__Input data__:
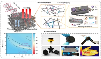 该论文中采用简单可控的混合溶液静电纺丝结合高温热处理工艺成功制备了Co和TiO2修饰的SiOC复合(CTS)纳米纤维。由于静电纺丝提供的优异的三维连续网络结构和复合相在纤维内的均匀分布,CTS复合纳米纤维表现出出色的隔热性(导热系数小于0.0404 Wm-1K-1)、优异的柔韧性(经过1500次的180°弯曲循环后电阻变化小于4%)和压缩回弹性(在应变为60%条件下经过500次压缩循环后残余应变小于12%)。在2~18 GHz波段内,纤维吸波相含量仅为5wt%的CTS-800样品可实现8.64GHz(9.36~18.00GHz)的有效吸收带宽以及-66.00dB的最低反射率(RLmin)。这种多功能CTS纳米纤维材料的成功制备,为热&电磁兼容防护材料的开发提供了广阔的前景。
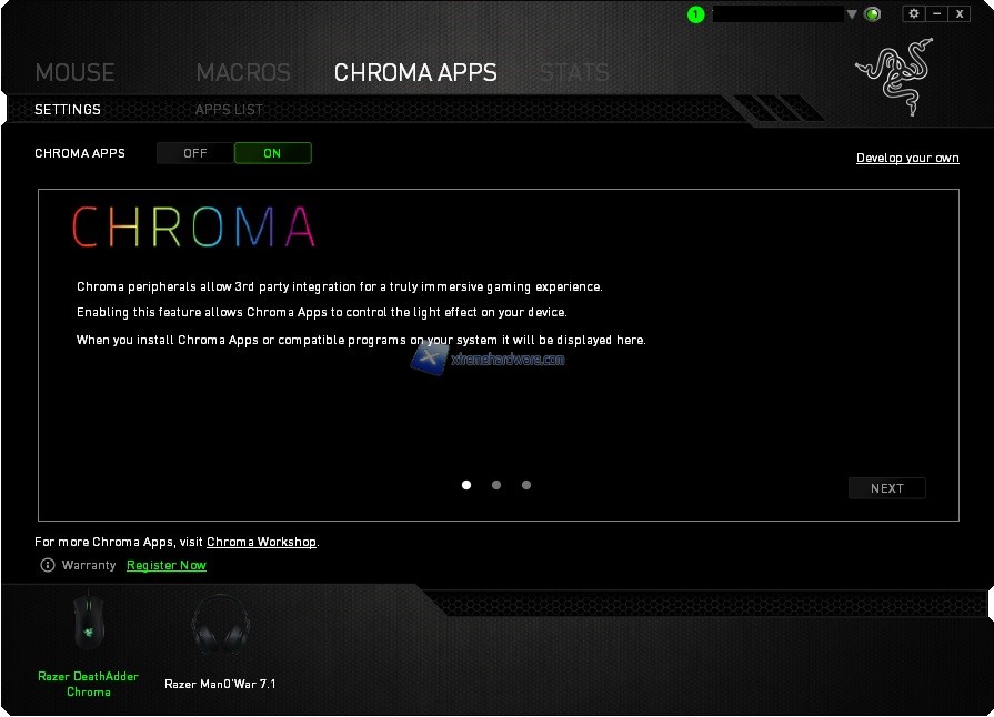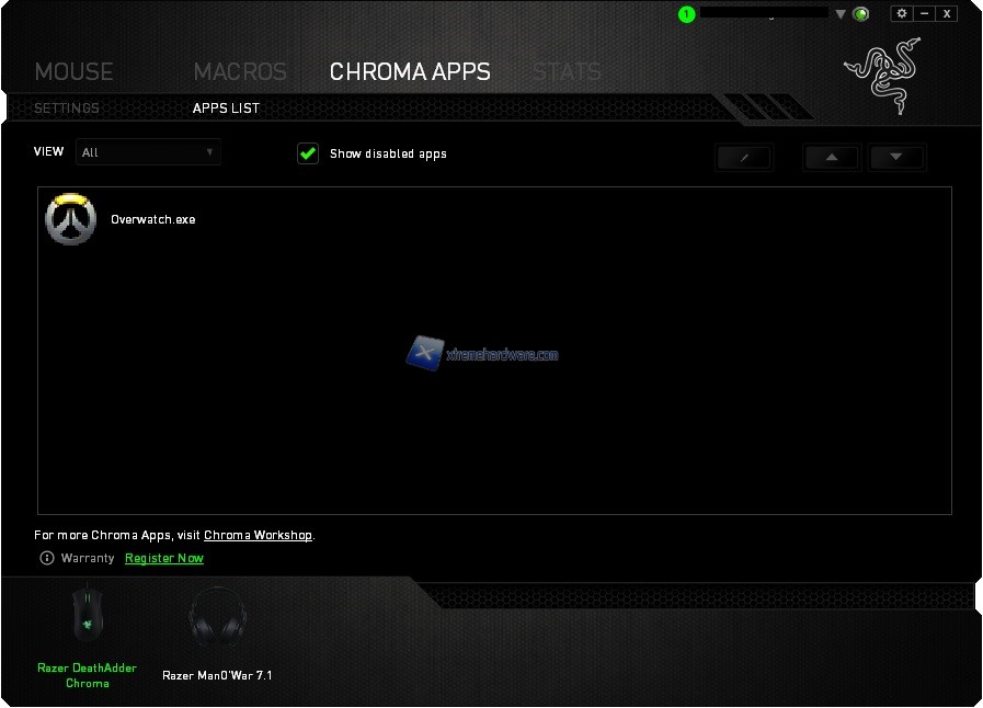 Menù ‘’Chroma Apps’’. Razer da quando ha creato il sito Chroma Workshop ha messo a disposizione una vasta raccolta di applicativi compatibili con il sistema Chroma nonché diversi effetti da scaricare e importare successivamente per i più famosi giochi tra cui il più recente Overwatch.
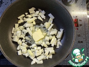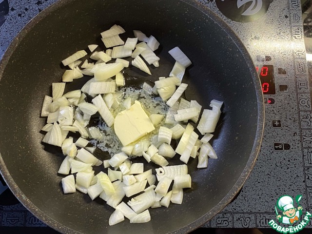 Луковицу нашинкуйте не сильно мелко и обжарьте на сливочном масле до румяности. -

__What is being asked__: Repeat only the lines from the one holding "Menù ‘’Chroma Apps’’." through the last line of the data, inclusive. Keep the pictures out.

__Result of this task__:
 Menù ‘’Chroma Apps’’. Razer da quando ha creato il sito Chroma Workshop ha messo a disposizione una vasta raccolta di applicativi compatibili con il sistema Chroma nonché diversi effetti da scaricare e importare successivamente per i più famosi giochi tra cui il più recente Overwatch.
 Луковицу нашинкуйте не сильно мелко и обжарьте на сливочном масле до румяности. -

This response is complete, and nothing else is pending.